- What you are asked to do: Type out the listing below exactly. Pictures stay out of it.
::::
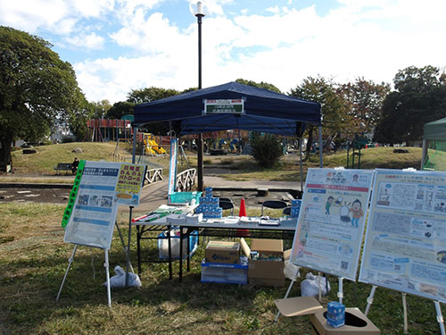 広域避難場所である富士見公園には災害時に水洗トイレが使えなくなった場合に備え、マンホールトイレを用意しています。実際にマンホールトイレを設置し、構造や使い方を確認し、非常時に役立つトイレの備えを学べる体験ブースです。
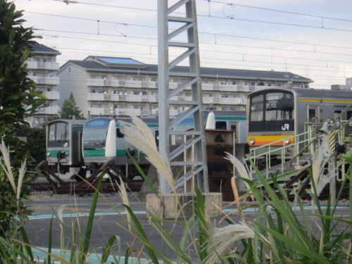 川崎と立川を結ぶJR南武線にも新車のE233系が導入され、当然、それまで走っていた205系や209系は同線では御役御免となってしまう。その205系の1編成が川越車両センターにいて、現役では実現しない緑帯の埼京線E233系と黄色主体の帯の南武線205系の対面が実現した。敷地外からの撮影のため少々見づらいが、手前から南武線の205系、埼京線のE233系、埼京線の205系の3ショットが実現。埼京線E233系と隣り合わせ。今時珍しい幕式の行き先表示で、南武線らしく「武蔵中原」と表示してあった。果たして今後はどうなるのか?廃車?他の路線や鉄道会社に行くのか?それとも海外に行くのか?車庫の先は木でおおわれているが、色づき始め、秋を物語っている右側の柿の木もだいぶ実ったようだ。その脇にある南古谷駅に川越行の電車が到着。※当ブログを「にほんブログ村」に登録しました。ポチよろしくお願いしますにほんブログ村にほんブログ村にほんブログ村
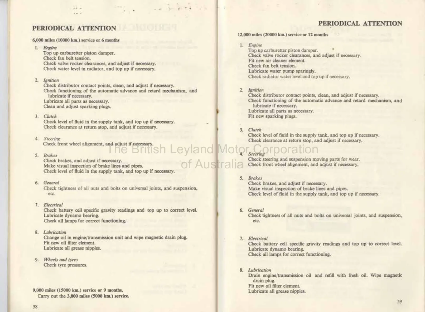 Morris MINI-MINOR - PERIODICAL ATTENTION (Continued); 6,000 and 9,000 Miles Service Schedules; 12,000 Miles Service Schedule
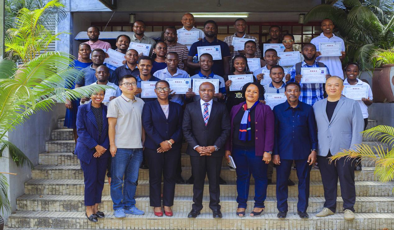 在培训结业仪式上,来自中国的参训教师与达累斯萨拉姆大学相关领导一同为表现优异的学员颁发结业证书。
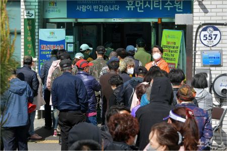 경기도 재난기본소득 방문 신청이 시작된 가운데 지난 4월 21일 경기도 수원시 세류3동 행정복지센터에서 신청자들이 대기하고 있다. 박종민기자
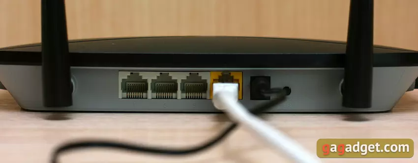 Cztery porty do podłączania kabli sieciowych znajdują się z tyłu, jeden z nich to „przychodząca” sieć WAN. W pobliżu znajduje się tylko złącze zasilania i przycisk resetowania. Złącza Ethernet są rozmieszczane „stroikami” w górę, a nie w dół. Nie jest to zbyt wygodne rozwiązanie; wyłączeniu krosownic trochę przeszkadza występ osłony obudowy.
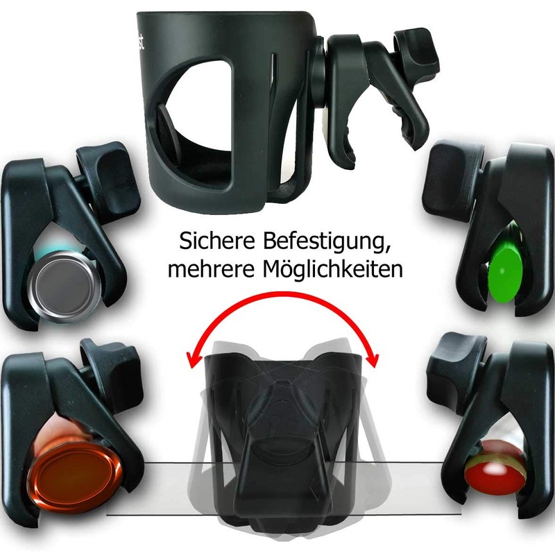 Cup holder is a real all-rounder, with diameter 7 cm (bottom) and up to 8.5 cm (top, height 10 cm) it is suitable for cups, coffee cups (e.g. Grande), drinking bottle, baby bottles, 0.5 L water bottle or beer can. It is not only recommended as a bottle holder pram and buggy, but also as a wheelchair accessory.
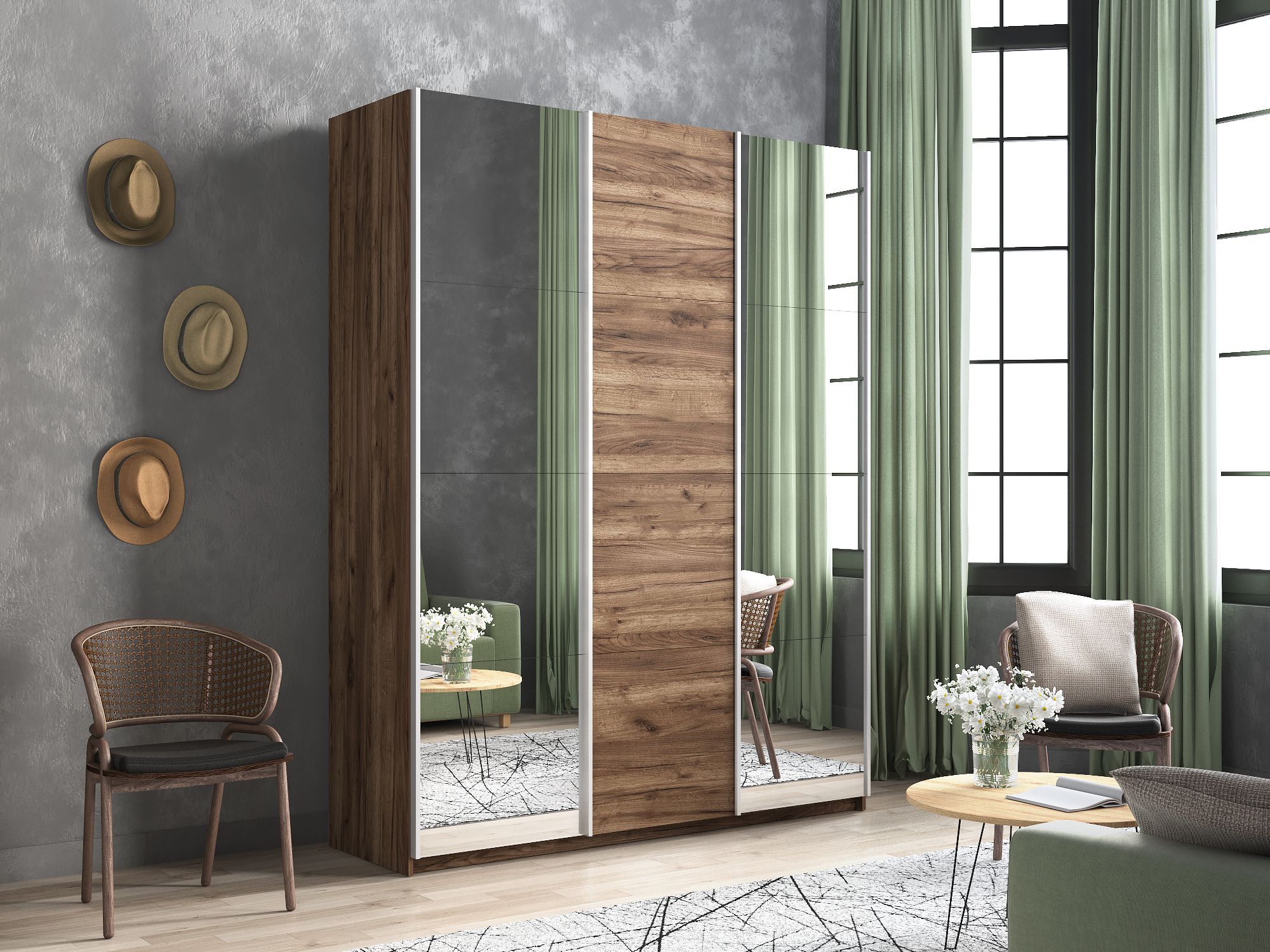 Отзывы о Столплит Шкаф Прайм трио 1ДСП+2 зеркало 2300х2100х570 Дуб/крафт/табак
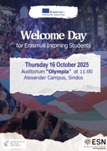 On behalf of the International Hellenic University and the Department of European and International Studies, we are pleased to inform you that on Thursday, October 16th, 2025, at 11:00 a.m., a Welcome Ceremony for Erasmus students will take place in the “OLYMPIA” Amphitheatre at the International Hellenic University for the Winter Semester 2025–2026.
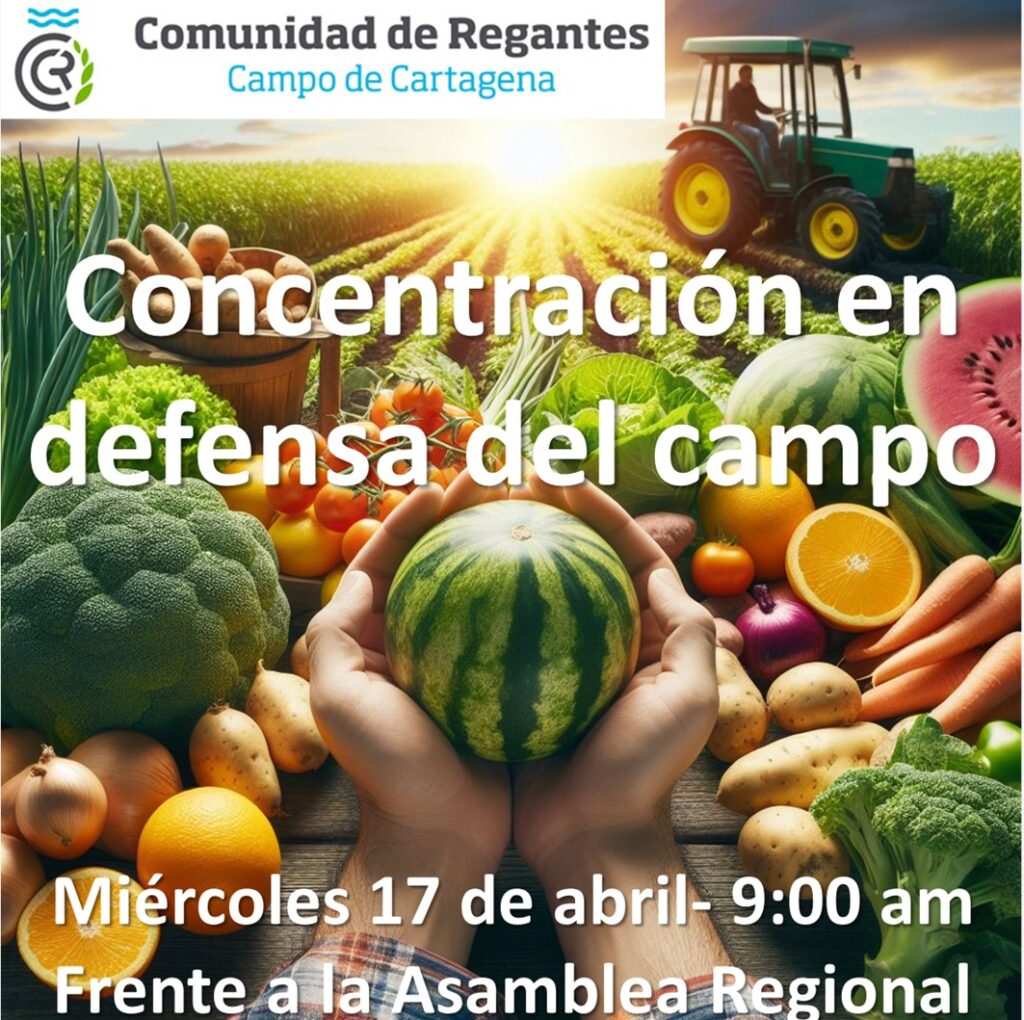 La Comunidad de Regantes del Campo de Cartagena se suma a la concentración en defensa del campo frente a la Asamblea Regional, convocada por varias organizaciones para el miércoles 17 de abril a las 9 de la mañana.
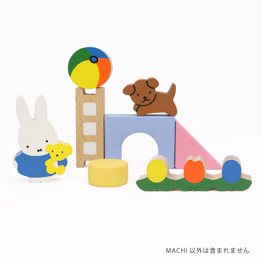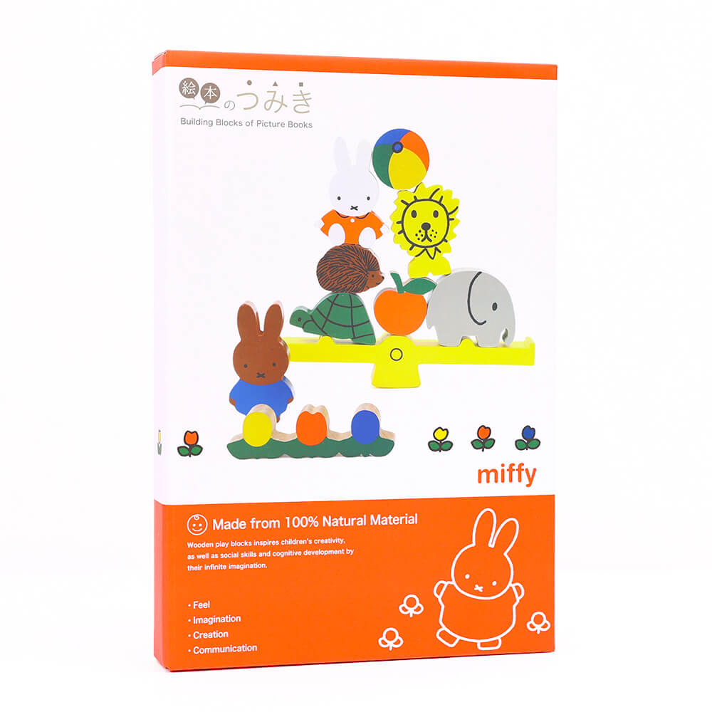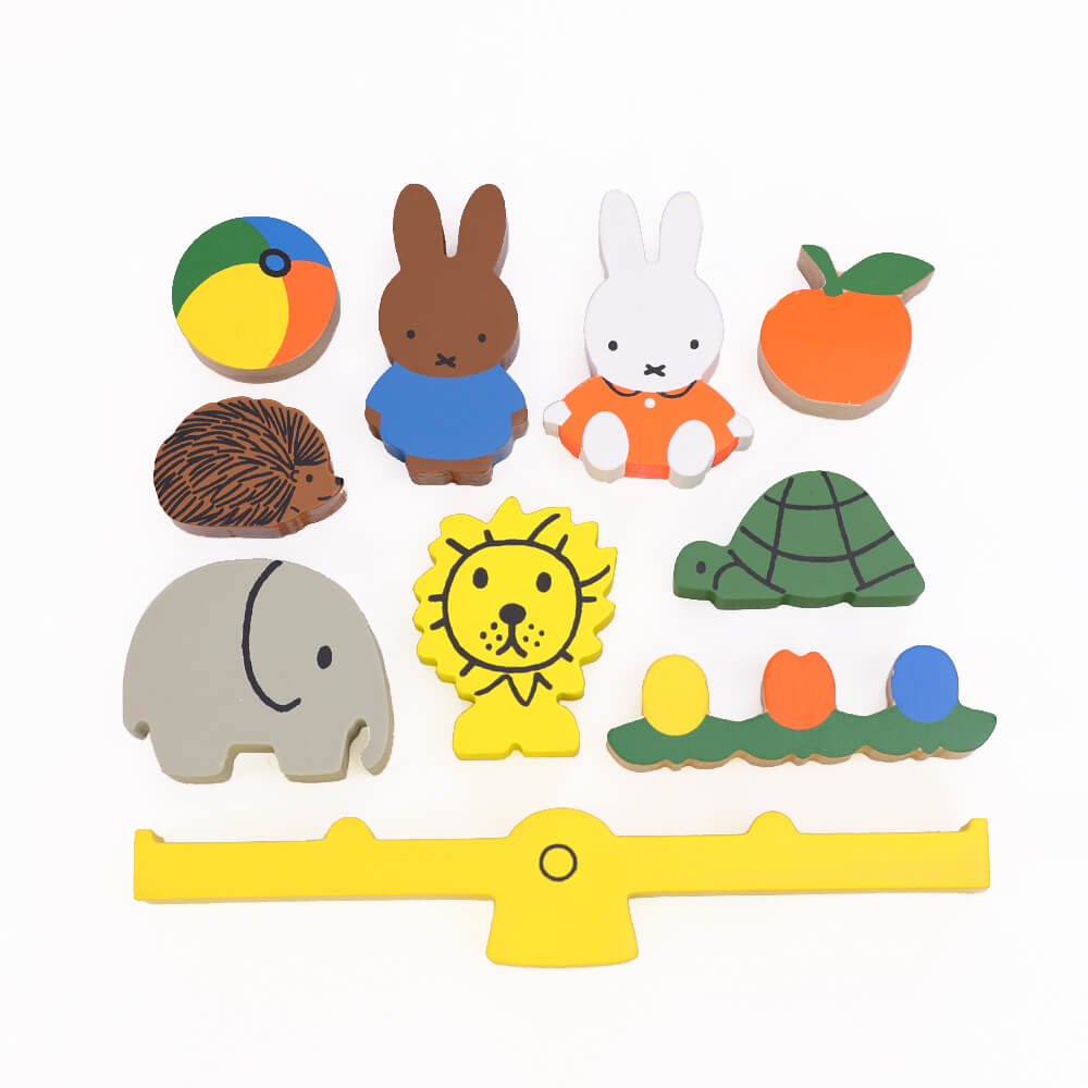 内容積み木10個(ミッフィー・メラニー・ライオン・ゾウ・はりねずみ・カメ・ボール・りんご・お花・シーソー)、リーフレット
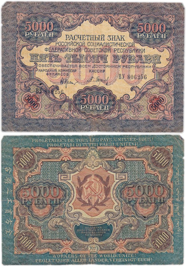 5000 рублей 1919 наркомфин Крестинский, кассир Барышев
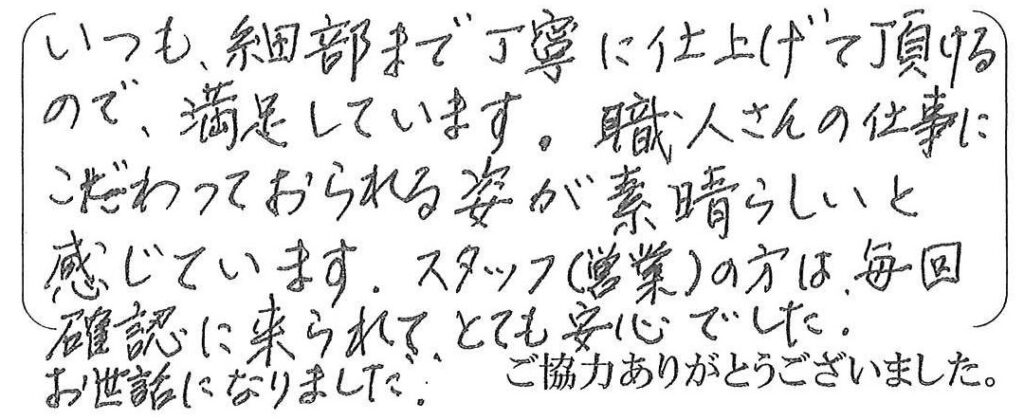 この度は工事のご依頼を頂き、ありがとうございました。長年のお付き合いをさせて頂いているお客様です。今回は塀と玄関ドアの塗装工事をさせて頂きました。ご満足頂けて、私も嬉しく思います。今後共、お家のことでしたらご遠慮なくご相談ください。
::::
- Answer for this exercise:
 広域避難場所である富士見公園には災害時に水洗トイレが使えなくなった場合に備え、マンホールトイレを用意しています。実際にマンホールトイレを設置し、構造や使い方を確認し、非常時に役立つトイレの備えを学べる体験ブースです。
 川崎と立川を結ぶJR南武線にも新車のE233系が導入され、当然、それまで走っていた205系や209系は同線では御役御免となってしまう。その205系の1編成が川越車両センターにいて、現役では実現しない緑帯の埼京線E233系と黄色主体の帯の南武線205系の対面が実現した。敷地外からの撮影のため少々見づらいが、手前から南武線の205系、埼京線のE233系、埼京線の205系の3ショットが実現。埼京線E233系と隣り合わせ。今時珍しい幕式の行き先表示で、南武線らしく「武蔵中原」と表示してあった。果たして今後はどうなるのか?廃車?他の路線や鉄道会社に行くのか?それとも海外に行くのか?車庫の先は木でおおわれているが、色づき始め、秋を物語っている右側の柿の木もだいぶ実ったようだ。その脇にある南古谷駅に川越行の電車が到着。※当ブログを「にほんブログ村」に登録しました。ポチよろしくお願いしますにほんブログ村にほんブログ村にほんブログ村
 Morris MINI-MINOR - PERIODICAL ATTENTION (Continued); 6,000 and 9,000 Miles Service Schedules; 12,000 Miles Service Schedule
 在培训结业仪式上,来自中国的参训教师与达累斯萨拉姆大学相关领导一同为表现优异的学员颁发结业证书。
 경기도 재난기본소득 방문 신청이 시작된 가운데 지난 4월 21일 경기도 수원시 세류3동 행정복지센터에서 신청자들이 대기하고 있다. 박종민기자
 Cztery porty do podłączania kabli sieciowych znajdują się z tyłu, jeden z nich to „przychodząca” sieć WAN. W pobliżu znajduje się tylko złącze zasilania i przycisk resetowania. Złącza Ethernet są rozmieszczane „stroikami” w górę, a nie w dół. Nie jest to zbyt wygodne rozwiązanie; wyłączeniu krosownic trochę przeszkadza występ osłony obudowy.
 Cup holder is a real all-rounder, with diameter 7 cm (bottom) and up to 8.5 cm (top, height 10 cm) it is suitable for cups, coffee cups (e.g. Grande), drinking bottle, baby bottles, 0.5 L water bottle or beer can. It is not only recommended as a bottle holder pram and buggy, but also as a wheelchair accessory.
 Отзывы о Столплит Шкаф Прайм трио 1ДСП+2 зеркало 2300х2100х570 Дуб/крафт/табак
 On behalf of the International Hellenic University and the Department of European and International Studies, we are pleased to inform you that on Thursday, October 16th, 2025, at 11:00 a.m., a Welcome Ceremony for Erasmus students will take place in the “OLYMPIA” Amphitheatre at the International Hellenic University for the Winter Semester 2025–2026.
 La Comunidad de Regantes del Campo de Cartagena se suma a la concentración en defensa del campo frente a la Asamblea Regional, convocada por varias organizaciones para el miércoles 17 de abril a las 9 de la mañana.
 内容積み木10個(ミッフィー・メラニー・ライオン・ゾウ・はりねずみ・カメ・ボール・りんご・お花・シーソー)、リーフレット
 5000 рублей 1919 наркомфин Крестинский, кассир Барышев
 この度は工事のご依頼を頂き、ありがとうございました。長年のお付き合いをさせて頂いているお客様です。今回は塀と玄関ドアの塗装工事をさせて頂きました。ご満足頂けて、私も嬉しく思います。今後共、お家のことでしたらご遠慮なくご相談ください。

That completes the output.